- [Task to complete]
The entries below are to be transcribed in full, without their images.

- [Items from a dataset]
"""

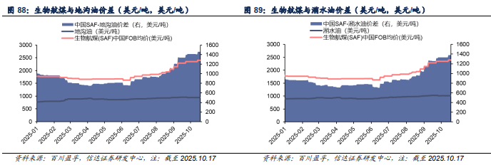 生物航煤价格及价差:截至2025年10月17日,中国生物航煤港口FOB价格为2400美元/吨,较上周五价格+50美元/吨,与地沟油、潲水油价差分别为1456.79、1379.55美元/吨,较上周五价差分别+48.69、+48.58美元/吨。欧洲生物航煤港口FOB价格为2710美元/吨,较上周五价格-20美元/吨。
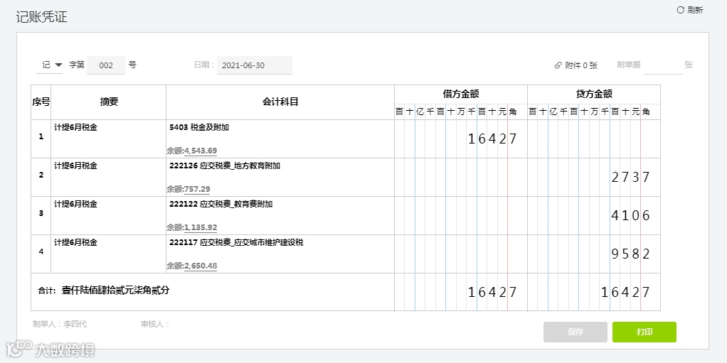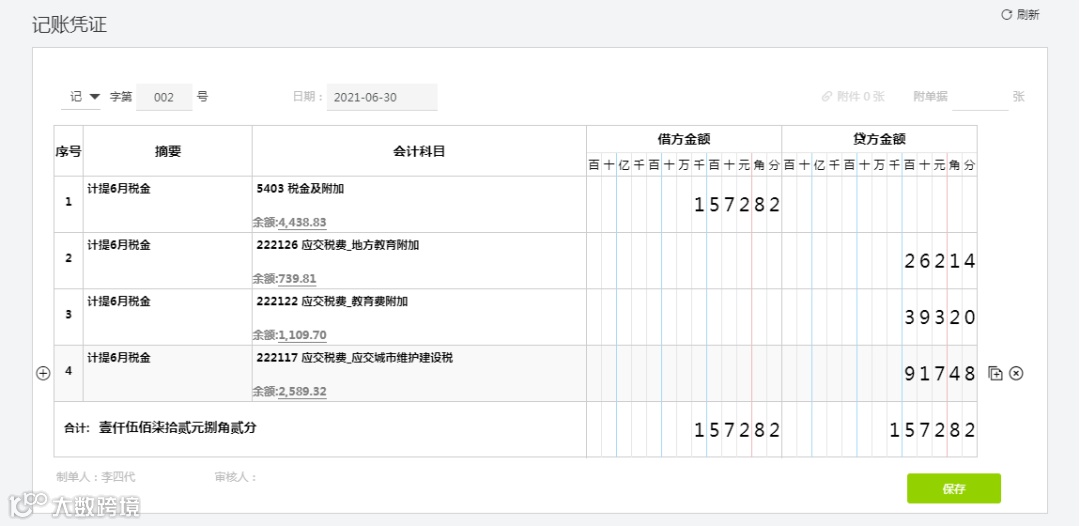 依次点击【结账】-【期末结转】界面,右边的时间轴选择6月份,点击右上角的【测算金额】之后找到【计提税金】的模板点击【生成凭证】即可。凭证如下图所示。
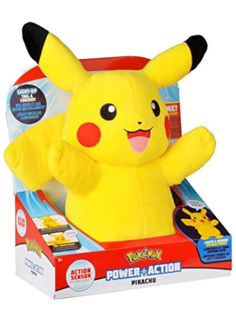 Experience dynamic, battle-ready fun with the Pokémon Power Action Pikachu Plush! This interactive plush brings the Electric-type hero to life with lights, sounds, and an action sensor. Activate the "Action Sensor" technology to trigger over 15 authentic Pikachu phrases and sounds, or press the button to see its light-up tail and cheeks glow with battle energy! This high-quality, engaging plush is the perfect gift for dedicated young trainers and an ideal, trusted interactive toy for the GCC market.
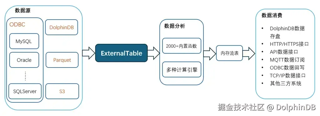解决方案:DolphinDB 3.00.4版本推出外部表跨数据库联邦查询功能,构建多源数据融合技术方案,具体如下:
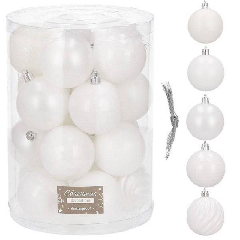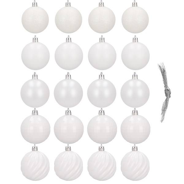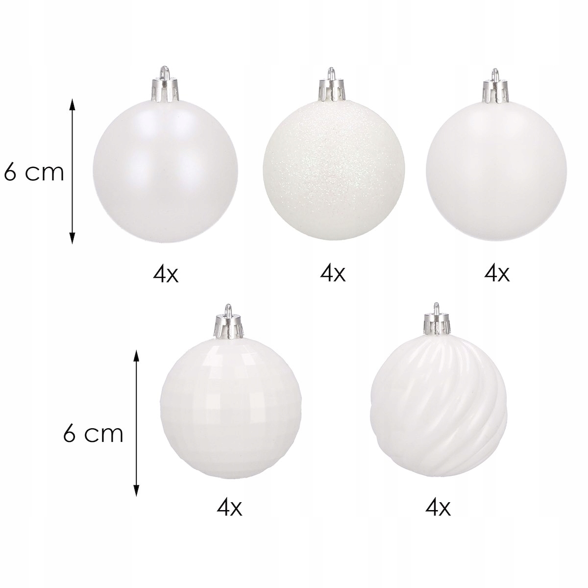 Bombki choinkowe 20 szt. ozdoby świąteczne zestaw 6cm białe
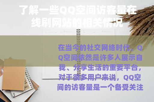 在当今的社交网络时代,QQ空间依然是许多人展示自我、分享生活的重要平台,对于很多用户来说,QQ空间的访客量是一个备受关注的指标,它在一定程度上反映了自己在社交圈中的受欢迎程度和影响力,一些QQ空间访客量在线刷网站便应运而生。
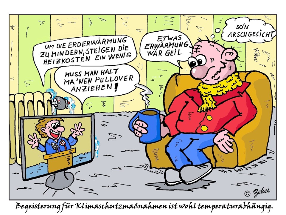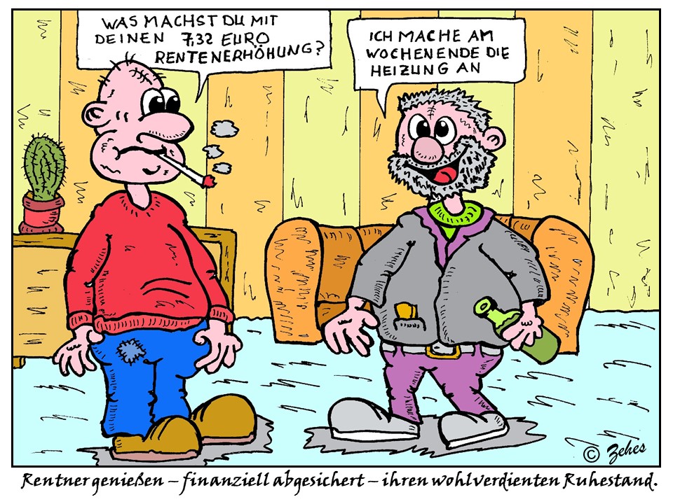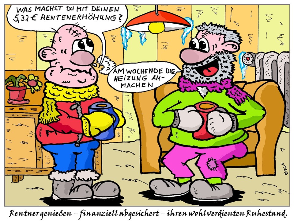 Und noch ein Nachtrag zu den Rentnern: Es wäre gut, wenn die ungeheizte Wohnung auch visuell zum Ausdruck käme. Ein Kaktus lässt ja eher an glühende Hitze denken. Vielleicht Eiszapfen an geeigneten Möbelstücken: Tischkanten oder Lampenschirme böten sich an, oder gleich ein 'untätiger' Heizkörper? (Ansonsten finde ich den super. Die nachfolgenden Cartoons sind auch sehr gelungen.)
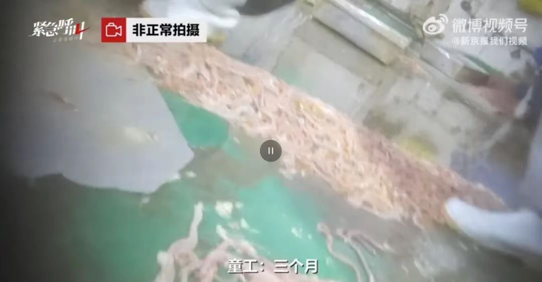 昏暗的车间里面,污水四处横流,清洗鸭肠的机器和车间的墙壁都已经被黑黑的油污包浆了,工人穿着胶靴在鸭肠堆旁边随意穿梭……

"""

- [Result below]
 生物航煤价格及价差:截至2025年10月17日,中国生物航煤港口FOB价格为2400美元/吨,较上周五价格+50美元/吨,与地沟油、潲水油价差分别为1456.79、1379.55美元/吨,较上周五价差分别+48.69、+48.58美元/吨。欧洲生物航煤港口FOB价格为2710美元/吨,较上周五价格-20美元/吨。
 依次点击【结账】-【期末结转】界面,右边的时间轴选择6月份,点击右上角的【测算金额】之后找到【计提税金】的模板点击【生成凭证】即可。凭证如下图所示。
 Experience dynamic, battle-ready fun with the Pokémon Power Action Pikachu Plush! This interactive plush brings the Electric-type hero to life with lights, sounds, and an action sensor. Activate the "Action Sensor" technology to trigger over 15 authentic Pikachu phrases and sounds, or press the button to see its light-up tail and cheeks glow with battle energy! This high-quality, engaging plush is the perfect gift for dedicated young trainers and an ideal, trusted interactive toy for the GCC market.
解决方案:DolphinDB 3.00.4版本推出外部表跨数据库联邦查询功能,构建多源数据融合技术方案,具体如下:
 Bombki choinkowe 20 szt. ozdoby świąteczne zestaw 6cm białe
 在当今的社交网络时代,QQ空间依然是许多人展示自我、分享生活的重要平台,对于很多用户来说,QQ空间的访客量是一个备受关注的指标,它在一定程度上反映了自己在社交圈中的受欢迎程度和影响力,一些QQ空间访客量在线刷网站便应运而生。
 Und noch ein Nachtrag zu den Rentnern: Es wäre gut, wenn die ungeheizte Wohnung auch visuell zum Ausdruck käme. Ein Kaktus lässt ja eher an glühende Hitze denken. Vielleicht Eiszapfen an geeigneten Möbelstücken: Tischkanten oder Lampenschirme böten sich an, oder gleich ein 'untätiger' Heizkörper? (Ansonsten finde ich den super. Die nachfolgenden Cartoons sind auch sehr gelungen.)
 昏暗的车间里面,污水四处横流,清洗鸭肠的机器和车间的墙壁都已经被黑黑的油污包浆了,工人穿着胶靴在鸭肠堆旁边随意穿梭……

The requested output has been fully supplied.